* [WORK REQUEST]: What is needed is a faithful transcription of all the data below, pictures excluded.

* [DATA SEGMENT]:

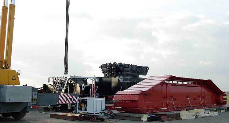 Am Nachmittag des ersten Tages waren die Raupenfahrwerke schon fast komplett montiert.
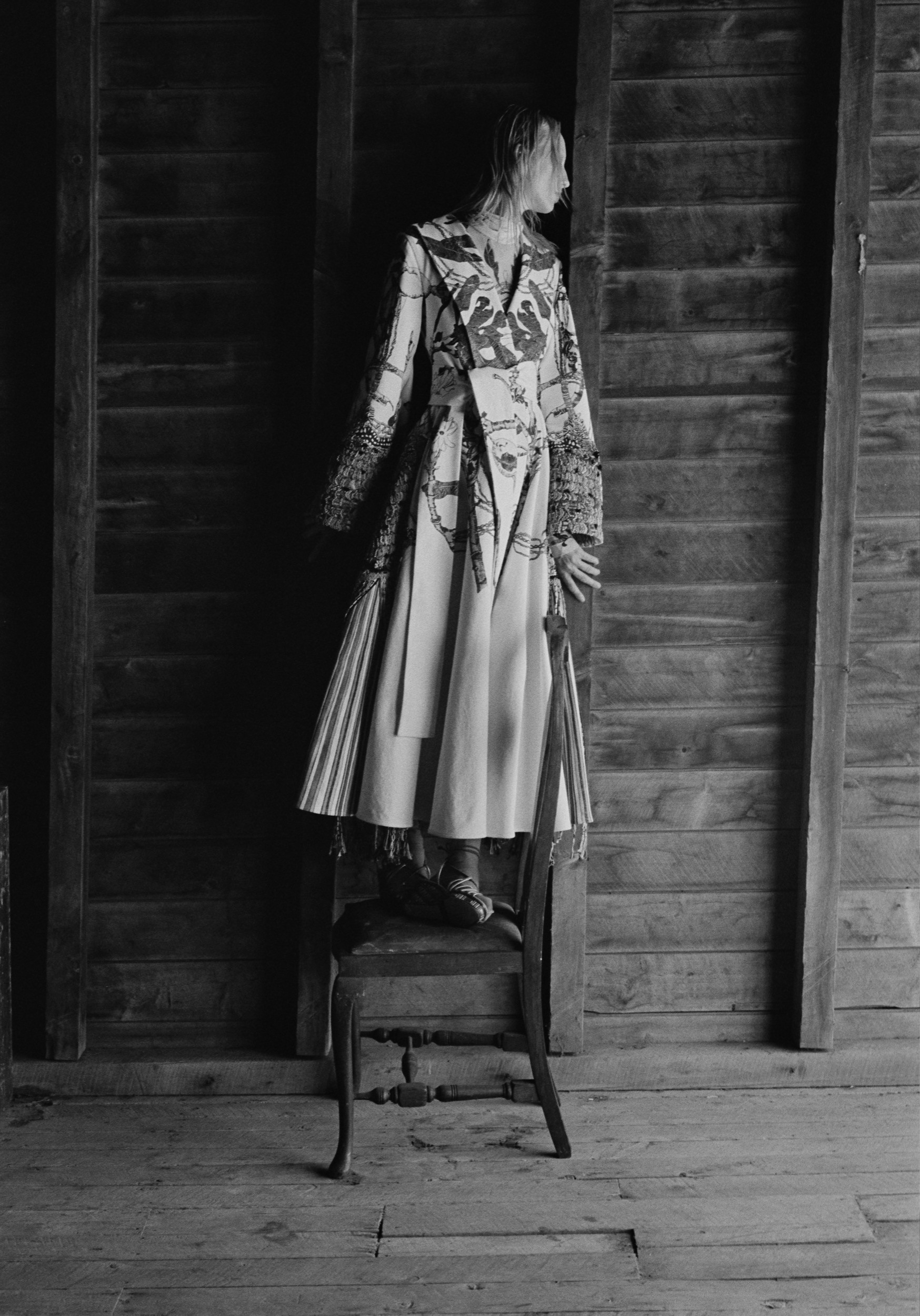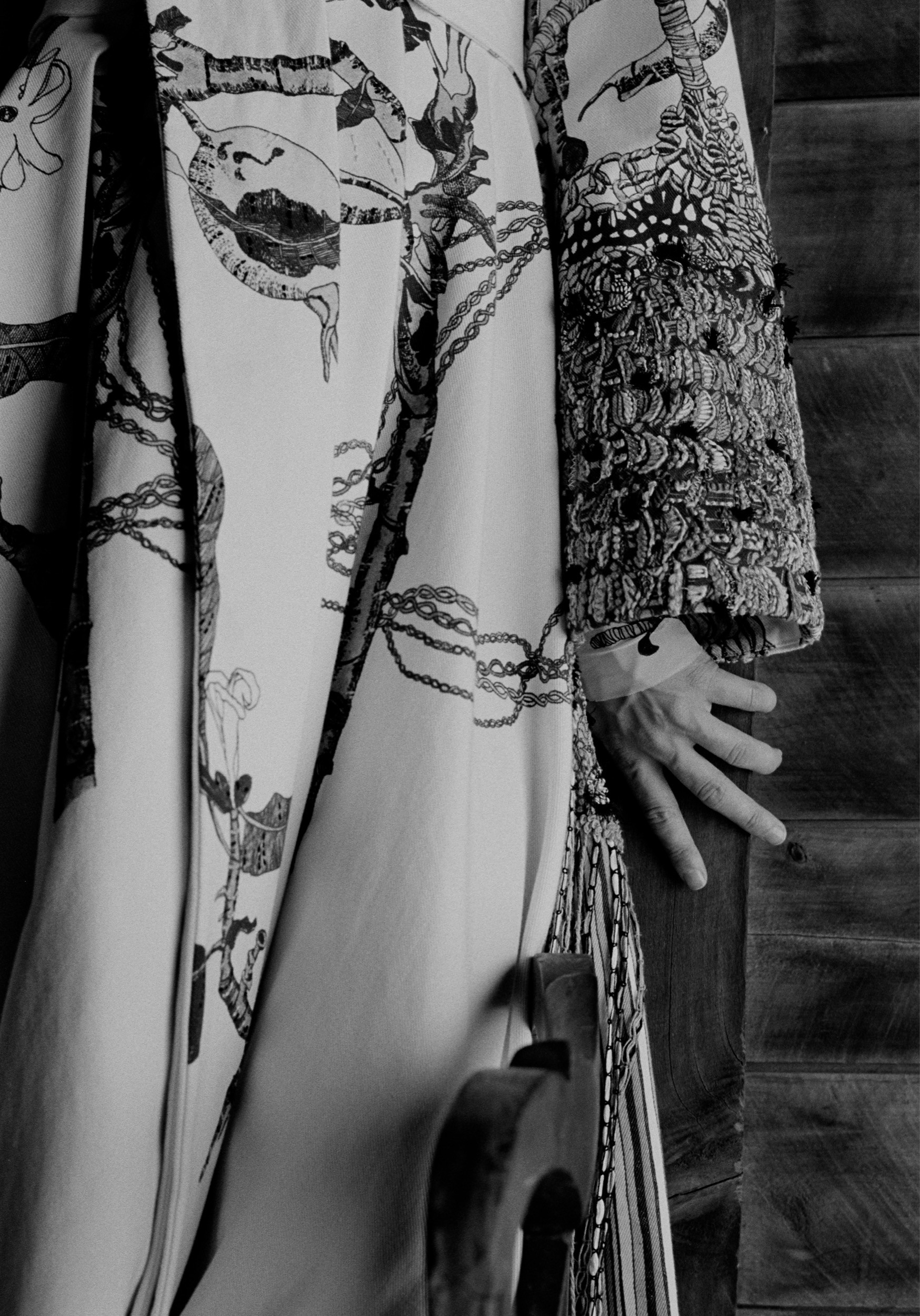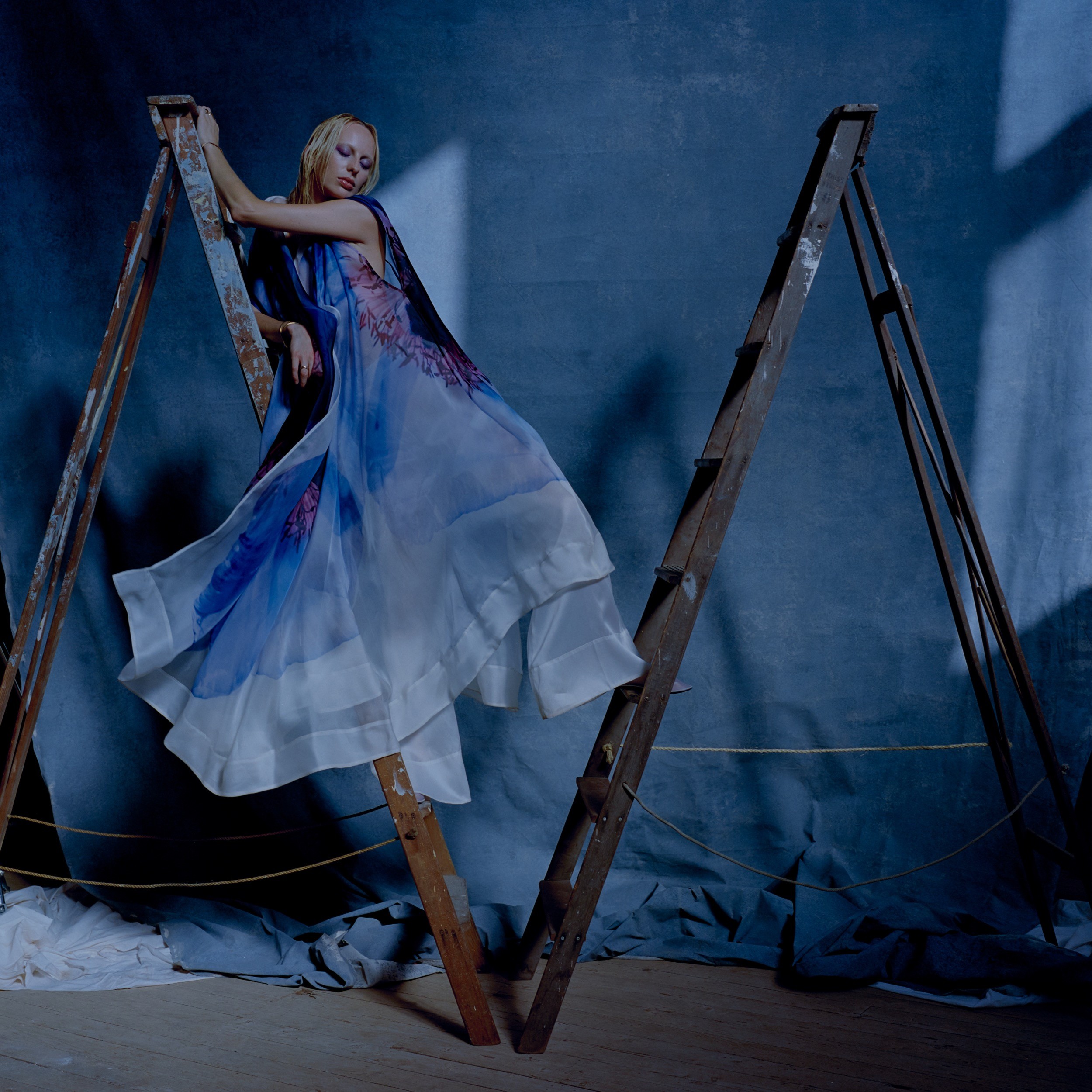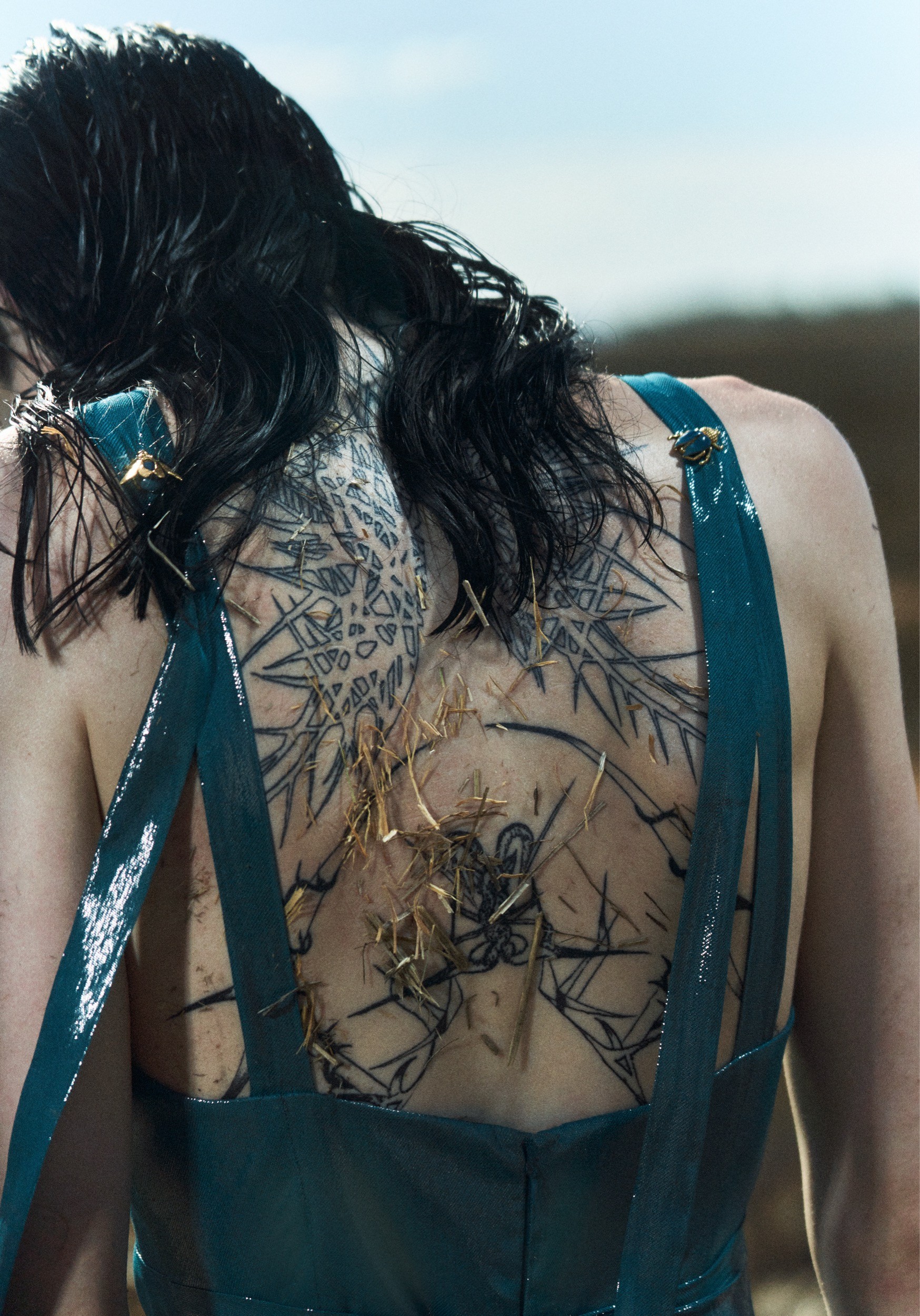Our often alien-like natural world inspired the collection. In the campaign, a sense of exhilaration pervades: these are clothes for brighter times, a signal of renewal and optimism, sometimes shocking and disruptive, other times reflective and restrained. The campaign's characters appear in this world alone, otherworldly creatures in an inhospitable land where the earth is scorched and cracked. They stand tall, unperturbed, oddities in the searing heat. The horizon is endless, the world bright with blinding light. Suddenly, dark. Wooden shutters close in, the darkness of night. From the parched land, wetness now appears, luscious and opulent. A sense of urgency, immediacy, ecstasy. An imperative need for action. Chaos and rapture explode in perpetual dance and never-ending motion: flowers bloom, a succulent jolt of possibility.
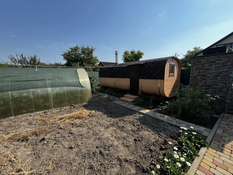 Двор и внутренние дорожки выложены плиткой. Двор покрыт навесом.Имеется баня, летняя беседка и мангальная зона.
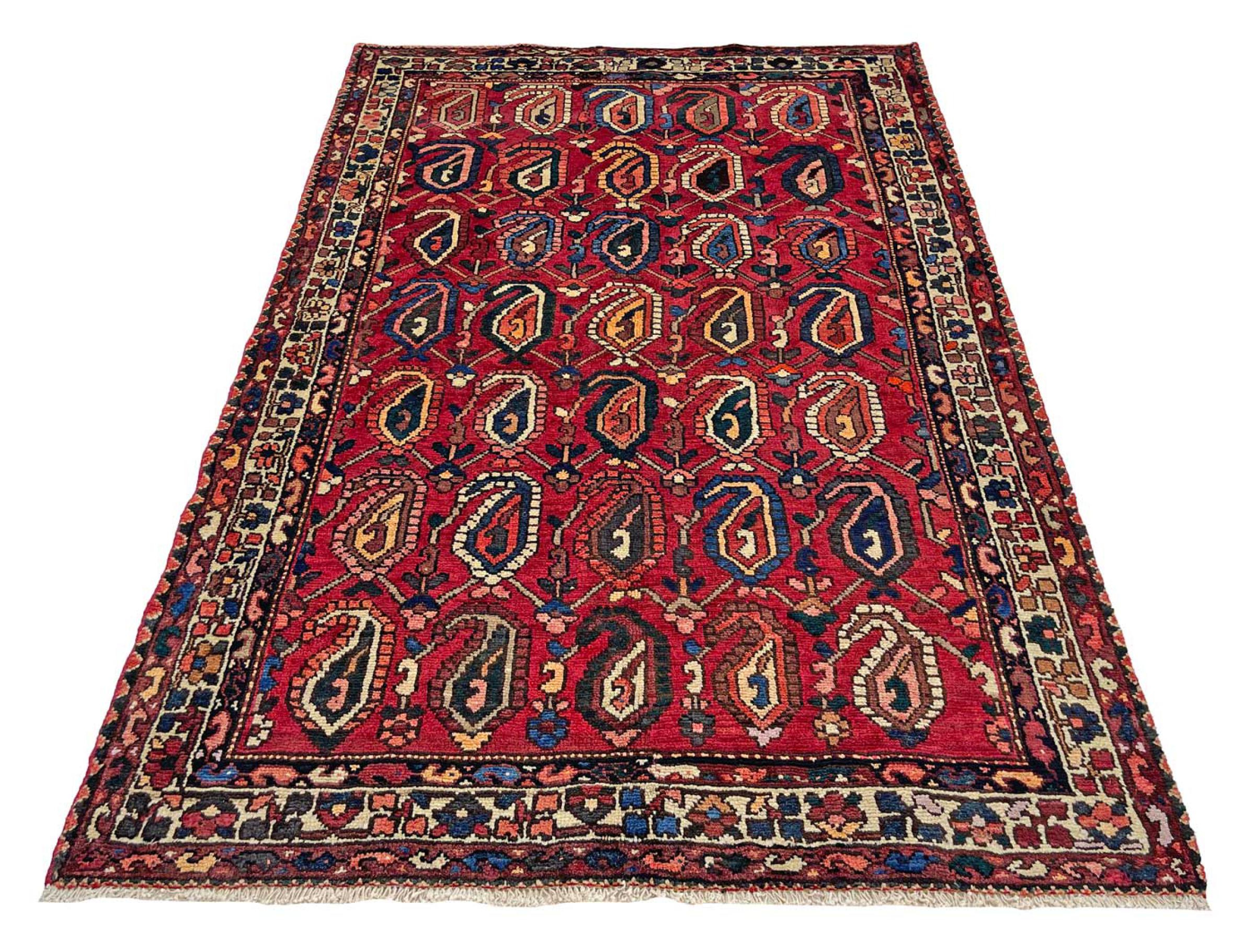 Réf. Article: 318642003498707 Taille: 229x157 cm Épaisseur: ap. 12 mm Densité de nouage: 128 000 - 160 000 / m² Fabrication: Noué à la main Velours: Laine filée à la main Chaîne: Coton Origine: Persie / Iran Âge: Nouveau Poids: ap. 14 kg Également connu sous Baktjar Nombre en stock: Unique - Seulement 1 en stock

* [SOLUTION TO THIS PROBLEM]:
 Am Nachmittag des ersten Tages waren die Raupenfahrwerke schon fast komplett montiert.
Our often alien-like natural world inspired the collection. In the campaign, a sense of exhilaration pervades: these are clothes for brighter times, a signal of renewal and optimism, sometimes shocking and disruptive, other times reflective and restrained. The campaign's characters appear in this world alone, otherworldly creatures in an inhospitable land where the earth is scorched and cracked. They stand tall, unperturbed, oddities in the searing heat. The horizon is endless, the world bright with blinding light. Suddenly, dark. Wooden shutters close in, the darkness of night. From the parched land, wetness now appears, luscious and opulent. A sense of urgency, immediacy, ecstasy. An imperative need for action. Chaos and rapture explode in perpetual dance and never-ending motion: flowers bloom, a succulent jolt of possibility.
 Двор и внутренние дорожки выложены плиткой. Двор покрыт навесом.Имеется баня, летняя беседка и мангальная зона.
 Réf. Article: 318642003498707 Taille: 229x157 cm Épaisseur: ap. 12 mm Densité de nouage: 128 000 - 160 000 / m² Fabrication: Noué à la main Velours: Laine filée à la main Chaîne: Coton Origine: Persie / Iran Âge: Nouveau Poids: ap. 14 kg Également connu sous Baktjar Nombre en stock: Unique - Seulement 1 en stock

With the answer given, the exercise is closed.